It’s hard to ignore the irony. Today’s college-age students are said to be less religious than young men and women of previous generations. They make up a large portion of the “Nones,” those who might check “None” on a survey asking what religion they adhere to.
And Ivy League institutions are not known to be bastions of traditional Judaeo-Christian belief.
But a course being offered at Yale is so popular that university officials had to requisition the use of a historic campus chapel to accommodate the hordes of seekers signing up.
The course’s subject matter—human happiness—also seems to appeal to a yearning that is basic to humanity and which, some say, is ideally fulfilled in the spiritual quest.
Psyc 157, Psychology and the Good Life, had about 1,200 students signed up within a week after enrollment period opened. That’s almost one-quarter of Yale undergraduates. It has earned the distinction of being the most popular course in Yale’s 316-year history.
The course tries to teach students how to lead a happier, more satisfying life.
“Students want to change, to be happier themselves, and to change the culture here on campus,” psychology professor Laurie Santos, 42, told the New York Times. “With one in four students at Yale taking it, if we see good habits, things like students showing more gratitude, procrastinating less, increasing social connections, we’re actually seeding change in the school’s culture.”
Yale, and other universities full of high-achievers, may be a place that really needs such a course. In 2013, the Yale College Council found that more than half of undergraduates sought mental health care from the university during their time there.
“In reality, a lot of us are anxious, stressed, unhappy, numb,” Alannah Maynez, 19, a freshman taking the course, told the Times.

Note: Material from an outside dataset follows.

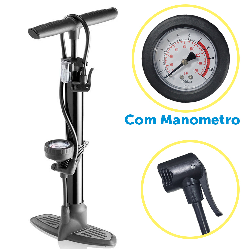 Bomba De Ar Encher Pneu De Bicicleta Bola Bike Carro Moto Facil Com Bico

So, with so many students signing up, Yale had to find a lecture hall large enough. At first, the class was divided between a live lecture in the 844-seat Battell Chapel, a historic place of worship on campus, and one or two smaller auditoriums where several hundred more students watched a live stream. After several weeks, though, lectures were moved to Woolsey Hall, home of the Yale Philharmonia.
According to the Times, the course “focuses both on positive psychology—the characteristics that allow humans to flourish, according to Dr. Santos—and behavioral change, or how to live by those lessons in real life.” It includes weekly “rewirement” assignments, like performing acts of kindness and forming new social connections.